For a moment we watched the waitress and waited until she headed back to a swinging door with a tray of empty glasses.
We reached her just before she disappeared into the back, and I realized the woman looked familiar. Very familiar.
“Ariel?” I asked.
Ariel Shaw was a necromancer, or the daughter of one, at any rate. I’d never seen her practice. But I could feel the magic, cold and heavy as a tomb, that surrounded her. Her mother, Annabelle, had helped my parents with issues now and again, and Ariel and Lulu had been friends as teenagers. I’d been a fan of rules and order growing up; Ariel hadn’t, and had tried to steer Lulu down the same rebellious path. They’d eventually grown apart, which was fine by me.
Ariel looked at me, brow knit, when something flashed in her eyes. It was gone in an instant, but not before I registered concern.
“The prince and princess come to visit the commoners?” Her tone was derisive, as was the expression she donned. “Vampires slumming with shifters these days?”
“Since you’re working in a shifter bar,” Connor said easily, “you might want to lose the attitude.”
“Working,” she said, “and I need to get back to it.”
“Tell us about this man,” Connor said, and showed Bryce’s photograph.
“He was a shitty tipper,” she said, tone edged with irritation, but I saw that hitch in her eyes again.
“What else?” Connor asked, putting his screen away.
Ariel gave a haggard sigh and rebalanced her tray. As she moved, I caught the edge of a black tattoo on her arm—a thin line with short hash marks, at the edge of her sleeve.

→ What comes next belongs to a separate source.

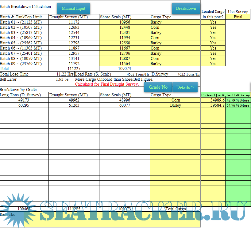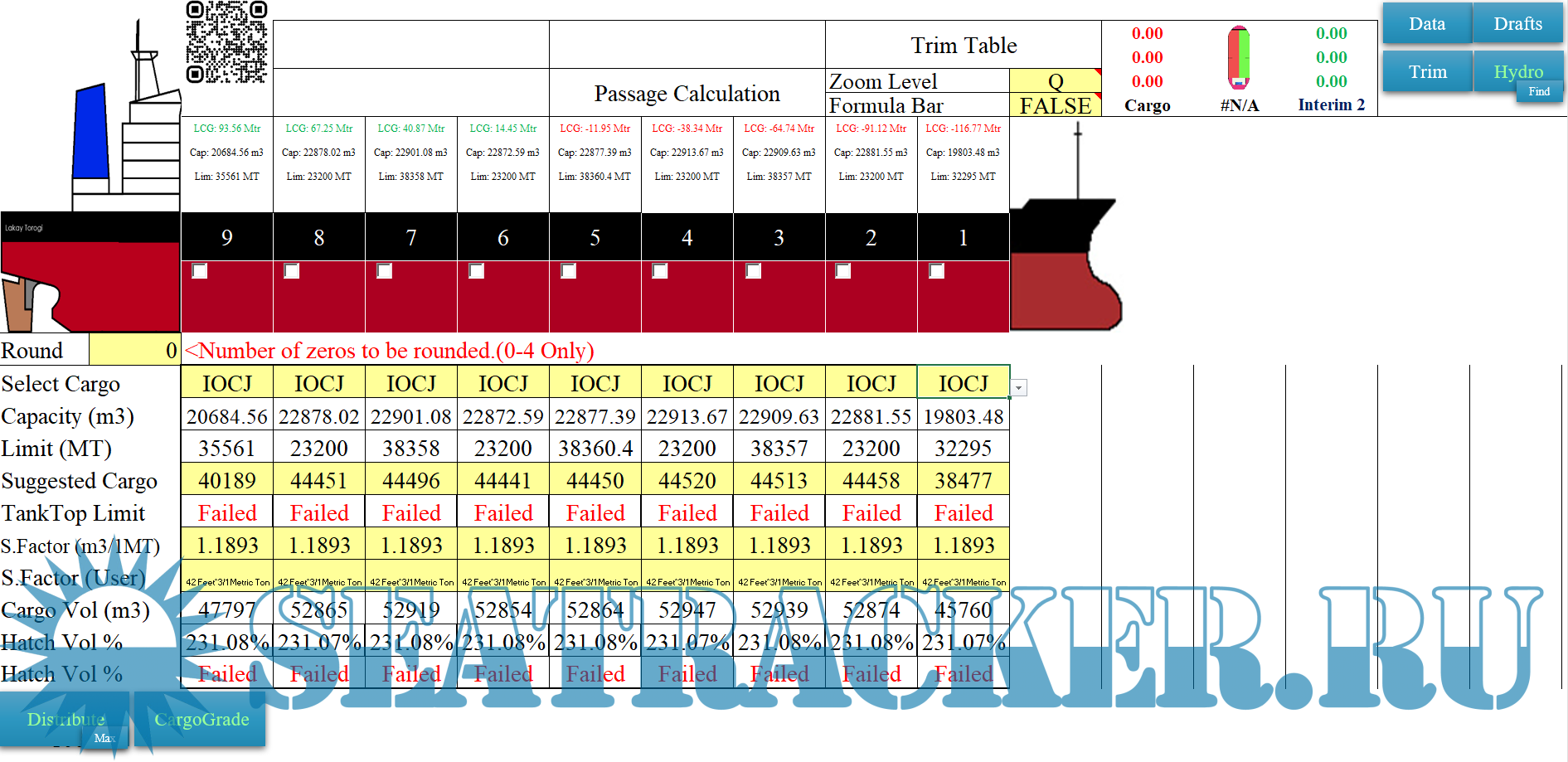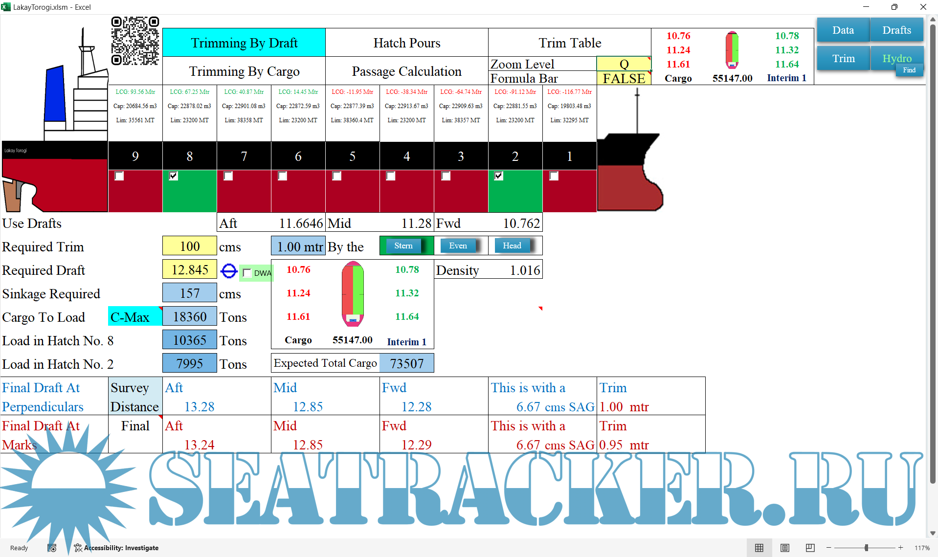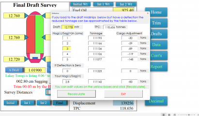 Draft Survey and Trimming Assistant on Excel for Bulk Carriers and General Cargo Version 2.0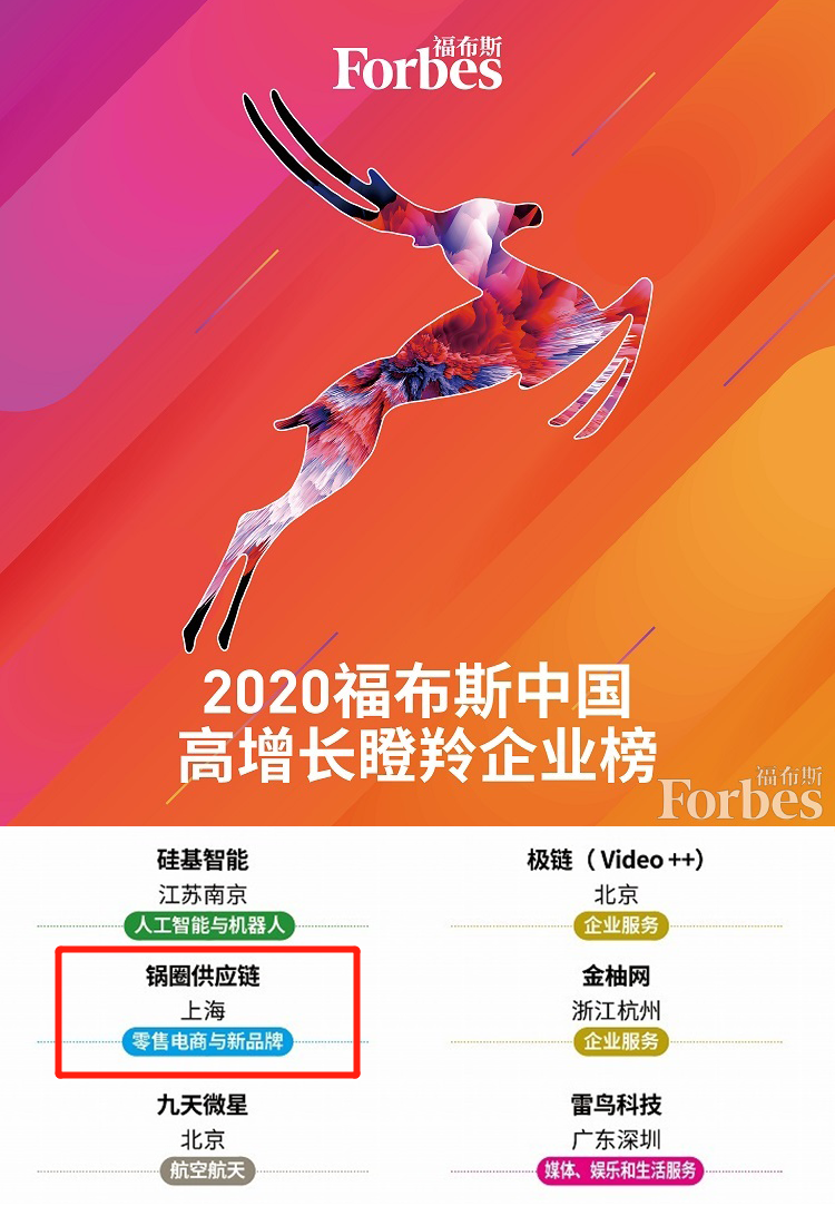 近日,福布斯中国“2020高增长瞪羚企业榜单”重磅揭晓,锅圈食汇在零售电商和新品牌赛道中脱颖而出,一举登榜。

When she saw the direction of my gaze, she shifted her body to block my view of it.
Totally not suspicious behavior.
“He was a customer,” she finally answered. “I served him.”

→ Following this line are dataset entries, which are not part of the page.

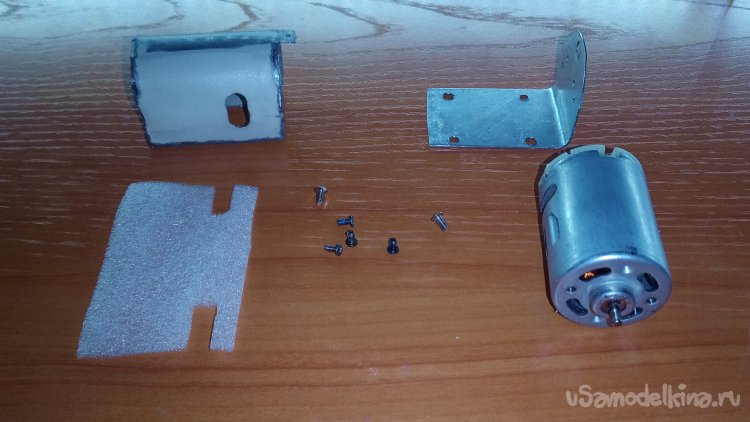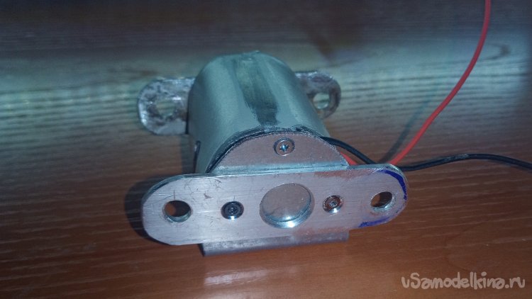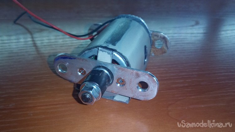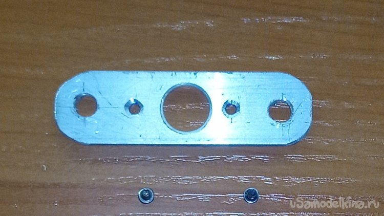 Устанавливаем с помощью винтов алюминиевую направляющую пластину с передней стороны мотора, при этом зажимаем в руке металлическую деталь, что бы она не разгибалась.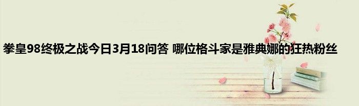今天来聊聊关于拳皇98终极之战今日3月18问答 哪位格斗家是雅典娜的狂热粉丝的文章,游戏是很多人的选择,但是游戏玩多了也会身心疲惫,现在就为大家来简单介绍下拳皇98终极之战今日3月18问答 哪位格斗家是雅典娜的狂热粉丝,希望对各位小伙伴们有所帮助。
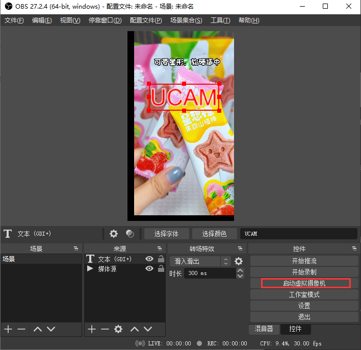 我们在OBS主窗口中播放一段视频,并且加一个文字图层之后,点击启动虚拟相机

I bet that wasn’t the entire story, so I took a chance. “And what happened when you went outside with him?”
She jerked, and the glasses rattled. “I don’t know what you’re talking about.”
“You clearly do,” Connor said. “Would you rather talk to us or the CPD?”
She met his gaze. “I’m not one of your subjects, and you don’t own me,prince.” There was teenage petulance in her tone.
“He’s dead,” Connor said. “He was killed with dark magic, or because of it. You have magic, witch. Did you kill him?”
“My coven is good. We don’t practice dark magic.” She started to move away again, but Connor took her arm, stared down at her with the threat in his eyes plain and clear.
Before he could speak, my screen buzzed. I found a message from Theo—an address only a block away, and a message:think we found his clothes.
I showed it to Connor, who nodded, then looked at Ariel again.
“A shifter is dead,” he said, fingers still wrapped around her arm. “If you were involved in that, it won’t matter that you’re a witch, or if your mother was good, or if we were friends once upon a time. I’ll find out. And you won’t like how that conversation ends.”
He lifted his hand, and she pushed through the door, where glass rattled again.
Connor took my hand, and we walked back through the bar together. This time, the gazes weren’t just on the prince, but on both of us, and our linked hands.
We found Theo in McKinley Park proper. He stood beneath a tree, flashlight aimed on the ground—and a pile of clothes tossed there.
He nodded in greeting when we reached him. “You get coffee?”
“Not enough,” I said.
Connor kneeled, looked over the pile of clothes. The shift between man and animal—whatever form that took—was magical and physiological; it didn’t affect clothing. So a shifter either sacrificed their clothes, which would be shredded in the transition, or took them off before shifting and dressed again afterward.
“These are from Bryce,” Connor confirmed. “They have the same scent as the wolf.”